Conflict Prevention, Post-conflict Peacebuilding and the Promotion of Durable Peace, Rule of Law and Governance (1)

Side event satu-satunya yang masih bisa saya hadiri adalah tentang “conflict prevention,post-conflict peacebuilding and the promotion of durable peace, rule of law and governance” dimana menghadirkan beberapa nara sumber yang dianggap kompeten membunyikan isu konflik dan intervensi pasca konflik. Ahme Al-Thani menekankan pada pentingnya Rule of law sebagai strategi untuk menyelesaikan konflik. Chistine Asare dari Ghana menakankan pada meskipun sudah ada sistem judicial di baik itu di level nasional dan lokal, tetapi tradisi lokal yang memicu konflik masih tetap jalan. Olehkarenanya dia mengusulkan untuk memasukkan elemen perdamaian sebagai cross cutting issue di pembangunan. Kesemuanya harus berlandaskan pada konstitusi negara, direksi rule of law, dan memiliki kesetaraan akses dan kontrol terhadap sumber daya dan promosi kesetaraan yang mengarah pada keadilan. Vesna Kos dari Crowasia menggemakan presentasi sebelumnya terkait dengan rule of law dan mengingatkan pada audien untuk melihat dokumen PBB terkait dengan persoalan konflik. Cross cutting elemen yang ditawarkan oleh Vesna adalah: 
  • Kebutuhan perempuan perlu dipastikan menjadi perhatian, dimana tiga aspek penting seperti memperhatikan konteks specific, perempuan sebagai pencari nafkah dan penjaga keluarga harus dipastikan masuk dalam pertimbangan 
  • Mengekspose lebih jauh isu kekerasan, termasuk mempertanyakan kompensasi bagi korban kekerasan seksual yang sering tidak banyak disebutkan, absennya mekanisme yang menangani isu ini karen stigma dan perhatian yang kurang
  • Maskulinitas di masyarakat, dimana konstruksi gender pada persoalan konflik harus berani didekontruksi karena ini merugikan pemberdayaan perempuan 
  • Pencegahan; realitas menunjukan bhwa 10% dari perempuan yang dipaksa bekerja rata-rata berada di situasi konflik, olehkarenanya menghubungkan dengan agenda pembangunan sangat penting. 

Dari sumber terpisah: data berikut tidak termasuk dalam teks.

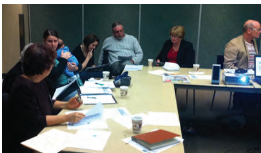
Forum de London

Par Diane Szoller, Thames Region Ecological Association et Gail McMahon, London Block Parents Association

IB_Petersen dari DenMark memberikan penakanan pada pentingnya kerjasama dalam membangun perdamaian. Karena alasannya bahwa persoalan perdamaian itu masalah global, namun Petersen memberikan beberapa catatan penting dalam hal kerjasama seperti: 
  • Jangan mempolitisasi isu, fokus pada fakta; bahwa pada kenyataaannya kemiskinan sangat parah, banyak kejahatan trans-nasional, dan mmebutuhkan keaktifan perempuan dan pemberdayaan mereka dalam merespon isu ini
  • Mendengarkan negara, terutama negara rentan; karena mereka mengetahui prioritas dan memiliki alat untuk penyelesaian masalah. 
  • Penting melibatkan CSO dalam menyusun framework baru. 
  • Harus menjadi stand alone goal agar bisa mendapatkan perhatian dunia
  • Membangun alliance karena peace and development itu tidak bisa dipisah-pisahkan 
Danish dari Liberia membahas tentang konsep durable peace yang menekankan pada pondasi human rights. Menurutnya isu kebebasan, perdamaian, keamanan, menghormati Hak asasi Perempuan dan pemberdayaan perempuan, serta masyaraakt demokratis tidak menjadi agenda top UN. SDGs bukan hanya untuk peace, tapi duable peace. Artinya bahwa ini mengandung 6 faktor kunci yaitu weak justice system, land conflict, employment, political polarization, social conflict between states, substantive institution and building trust. Sementara isu desentralisasi pelayanan public sangat mengindikasikan good governance policy ditambah dengan komitmen tinggi pada rule of law maka akan tercapai perdamaian dalam konteks SDGs. Anthony Harriot dari Universitas Jamaika menekankan presentasi pada pencegahan konflik dalam konteks SDGs. Menurutnya kekerasan harus menjadi ukuran menilai pembangunan, bahkan kekerasan harus dijadikan bagian dari indeks pembangunan dan diperlakuan sebagai nilai yang independent. 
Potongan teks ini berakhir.